You might wonder how a company that went through such a wrenching and costly experience over poor accounting practices finds itself in another accounting pickle so soon. The answer is that directors have a short-term memory problem. Merrill Lynch also went afoul of regulators in the early 21st century and had to pay out a huge amount to settle. Citigroup had to set aside millions in connection with Enron and WorldCom lawsuits. CIBC, the giant Toronto-based bank, also paid millions to settle regulatory charges that it acted improperly in its Enron dealings. All of these institutions are posting record losses and write-downs related to defective credit instruments. And once again, questions are being raised about whether management and directors are really on top of the affairs of the company.

One might have expected a prudent boardroom to be scrupulous, and more successful, in avoiding mishaps so soon after a previous embarrassment. In AIG’s case, it was required to issue an apology last February, which stated in part:

Providing incorrect information to the investing public and regulators was wrong and is against the values of our current leadership and employees.

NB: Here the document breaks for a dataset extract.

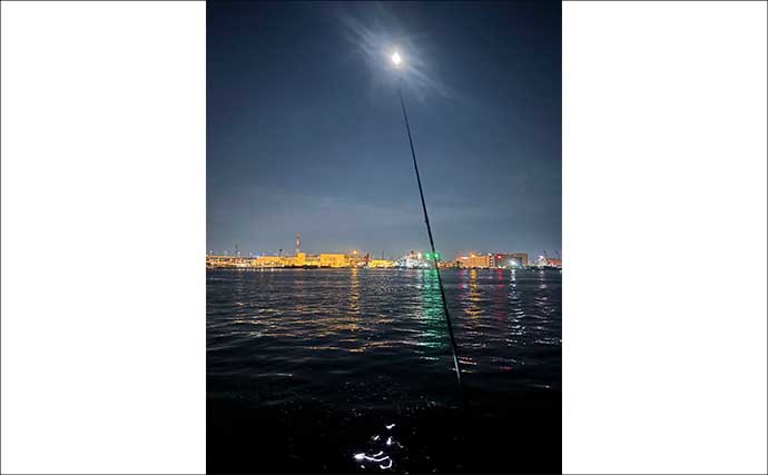 この日の潮は「大潮」。満月の夜であり、月明かりが強く、水面を白く照らしていた。一般的に、大潮は魚の活性が上がりやすい潮回りとされるが、満月との組み合わせは必ずしも好条件とは限らない。特に夜釣りにおいては、月明かりが強すぎると警戒心の強い魚がレンジを下げたり、ベイトが散ってしまう傾向もある。

But in the modern boardroom, where historically the preferred posture has been lateral for most of the time, there is a tendency to overstate the rejuvenating effects of reform while quickly slumping back into somnolence. The scandals of the Enron era revealed major weaknesses in the accounting and internal controls of many companies. Sarbanes-Oxley was passed in 2002 to address some of the most glaring defects, and companies responded by trumpeting how much more engaged their boards were. But in a few short years, the world has once more been forced to witness the spectacle of boards that did not properly oversee the risks their companies were incurring and ensure that adequate controls were being followed. Shortcomings in internal controls and the managment of risk were also at the heart of the $7 billion trader fraud at Société Générale. They are now featuring prominently in connection with the subprime-prompted credit crisis in many financial institutions.

Until directors actually do their jobs, instead of merely boasting about them, and remember the lessons of the past when risk became a corporate orphan for which no one would take responsibility, disaster will be the inevitable intruder in the slumbering boardroom.